(SOURCE DATA begins)

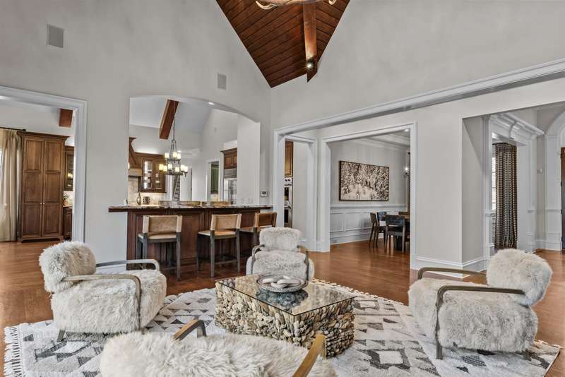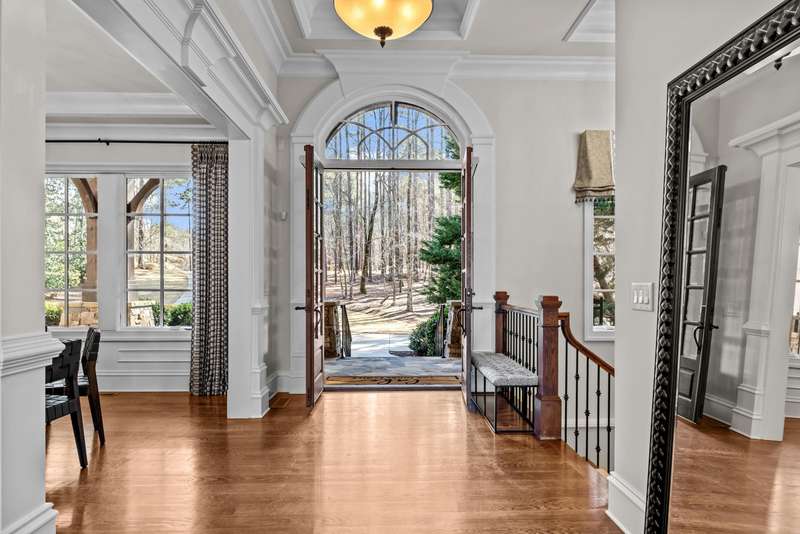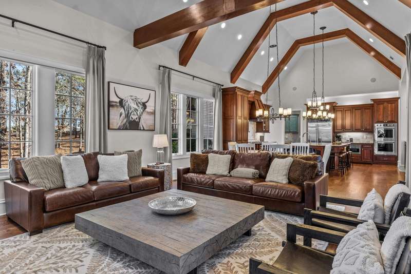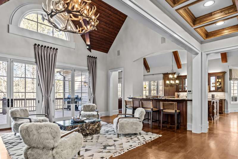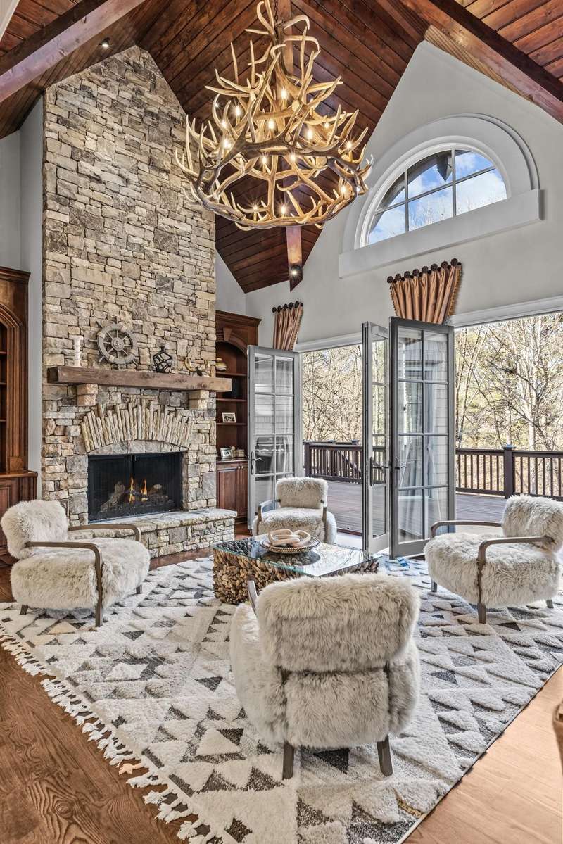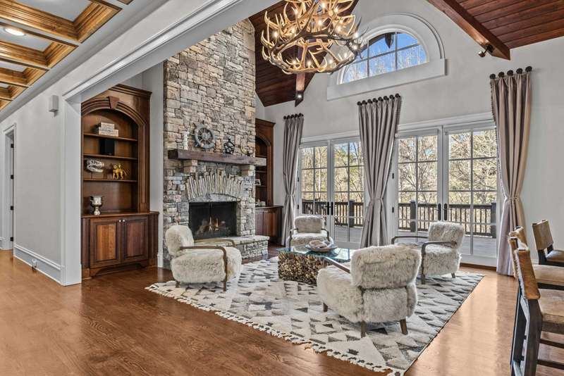 OWNER FINANCING AVAILABLE. Fully furnished, beautiful lake home nestled on almost two acres of property offering quality craftsmanship and details, steps from the boat dock with TWO ASSIGNED BOAT SLIPS. Designed to elevate your lifestyle , this home features 6 bedrooms, 6 full baths, and 2 half baths, and is ideal for both luxurious everyday living and memorable entertaining. The main level welcomes you with an expansive open floor plan, adorned with hardwood floors, wood beams and custom millwork throughout. A striking stone gas fireplace anchors the great room, while the formal dining area and open large kitchen create a space that is as functional as it is beautiful. The kitchen boasts an extra-large island, WOLF stove and ovens, a Sub-Zero refrigerator, and a bar area. Adjacent to the kitchen is a keeping room and a secondary dining area which opens to a spacious outdoor deck. The main level features a luxurious primary suite with a spa-like bath that includes heated floors and dual walk-in closets. A second bedroom with a full ensuite bath is also on the main level for convenience and comfort of visiting family and friends. Above the garage, a large private guest suite provides a tranquil retreat with a generously sized bedroom and full bath. Ascend to the terrace level via elevator designed for entertainment, offering an expansive family and game room, a full bar and a climate-controlled walk-in wine cellar that holds approximately 1,500 bottles. Three additional large suites each with private baths, and an additional half bath complete this level. Step outside to the covered stone patio, which overlooks the lake, perfect for outdoor gatherings and relaxation. This exceptional home is a rare find with almost two acres providing privacy and future opportunities for a pool, outdoor kitchen and even a pool house. There is a nature walking trail in the beautiful backyard. Located near Reynolds’ main entrance, shopping center, hospital, the Ritz Carlton and other community amenities, this home is move-in ready. Membership is available.
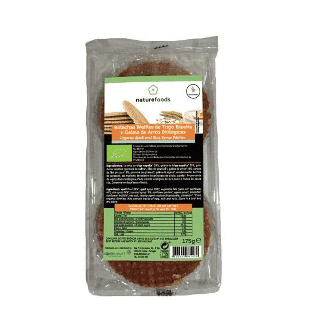 Farinha de trigo espelta* 29%, geleia de trigo espelta* 25%, gorduras vegetais (gordura de palma*, óleo de girassol*), geleia de arroz* 14%, xarope da flor de coco* 9%, proteína de girassol*, geleia de agave*, emulsionante: lecitina de girassol*, sal marinho, levedante: bicarbonato de sódio, canela*.
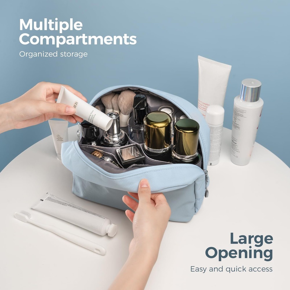 pack all Travel Toiletry Bag, Multi-Compartment Cosmetic Bag, Water-Resistant Makeup Bag for Toiletries, Accessories (Glacier Blue) Premium Material: Crafted from thickened, durable 450D Oxford cloth, offering water resistance and excellent shockproof protection for your items inside Large Opening for Easy Access: The extended zipper allows you to fully open the bag, providing easy access to your toiletries, cosmetics, and other essentials at a glance—no more digging through your bag Stylish Design with Large Capacity: Dimensions: 10.43"x7.1"x3.15", offering ample storage for toiletries, makeup, jewelry, small electronics, and more. Features a chic two-tone quilted design, available in 3 colors Multiple Compartments for Organized Storage: The interior features 9 divided sections for better organization, while 2 exterior pockets provide extra space for small essentials, making it convenient to grab items without opening the main compartment Versatile Use: This toiletry bag is perfect for travel, business trips, and outdoor activities. It also makes a great gift for Christmas, birthdays, or as a thoughtful present for friends, family, or yourself SHIPPING Domestic Buyers - We have confidence in our products, but if you are not fully satisfied please contact us within 30 days of purchase and you will get full refund. - We ship within 3 business days of payment, usually sooner - We offer FREE shipping on all orders! - We only ship to the lower 48 states, no APO/FPO addresses or PO Boxes allowed International buyers – please note: Import duties, taxes, and charges aren't included in the item price or postage cost. These charges are the buyer's responsibility. - Please check with your country's customs office to determine what these additional costs will be prior to bidding or buying. * Order Cancellation Policy ** You can return a product for up to 30 days from the date you purchased it. 1. The seller reserves the right to cancel the special case only due to eBay cancellation fee. 2. The decision of seller is the final. 3. The seller will respond to the cancellation request within 2 business days. Please wait for the result of cancellation. 4. In case the cancellation is not completed by some reasons, the buyer can follow the options below to get the refund. 4.1 The buyer can reject the item when it arrives. 4.2 The buyer can send the item back to the seller within 30 days If the buyer receives item (USA Shipment ONLY). The seller will provide the FREE return label to the buyer when the buyer opens " Return Item" case on eBay by using the reason as "Change my mind" ONLY. 5. When buyer has placed the order. The order will be processed and completed by automatic warehouse system within 5 minutes. In case that buyer sends the cancellation request after 5 minutes of placing the order, the request will be rejected. **Sending direct message to cancel the order is not allowed for every case.* Return Policy For the return case - If buyer would like to return the items for refund or replacement, please CONTACT SELLER to receive the free return label from seller. The refund or replacement will be processed with the tracking number of return label which is provided by seller only. The other ways of return which are not approved by seller will not be processed for the refund or replacement.
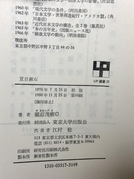 夏目漱石 (UP選書 51) 東京大学出版会 瀬沼 茂樹
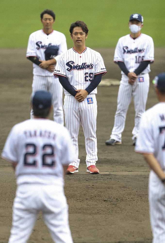 2年ぶり5度目の開幕投手に決まったヤクルト・小川(中央)(共同)
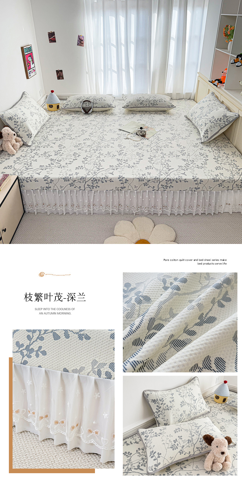 (总)美达家纺 2025新款全棉AB版单层床裙,解语花,南湘,沁雨花叶,悦棠,花香梦境,夏沫浅语-蓝
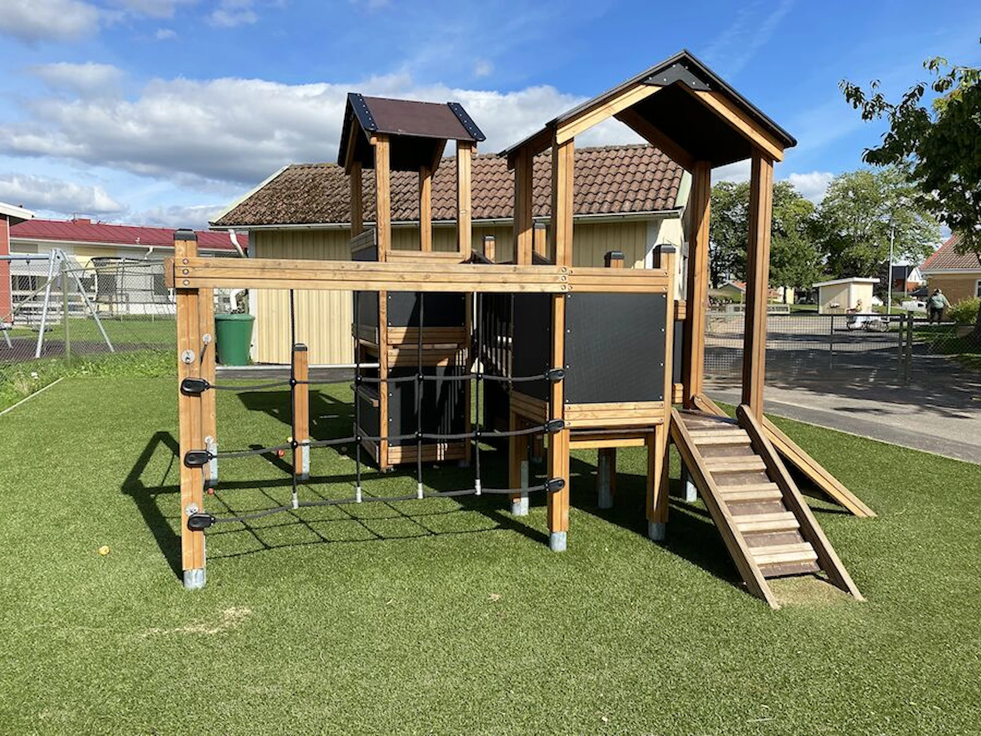 Däremot har vi många produkter utan trä som kan levereras i stort sett omgående, exempelvis Boulder Rocks, gungor, mål, basket, bordtennis, fristående rutschar, klätternät, studsmattor, bänkbord med mera.

(SOURCE DATA ends)

## EXERCISE REQUIREMENTS
Your copy should hold only the lines from the one containing "2年ぶり5度目の開幕投手に決まったヤクルト・小川(中央)(共同)" through the last line of the listing, both included, retyped exactly and free of pictures.

## REPLY TO THE EXERCISE
 2年ぶり5度目の開幕投手に決まったヤクルト・小川(中央)(共同)
 (总)美达家纺 2025新款全棉AB版单层床裙,解语花,南湘,沁雨花叶,悦棠,花香梦境,夏沫浅语-蓝
 Däremot har vi många produkter utan trä som kan levereras i stort sett omgående, exempelvis Boulder Rocks, gungor, mål, basket, bordtennis, fristående rutschar, klätternät, studsmattor, bänkbord med mera.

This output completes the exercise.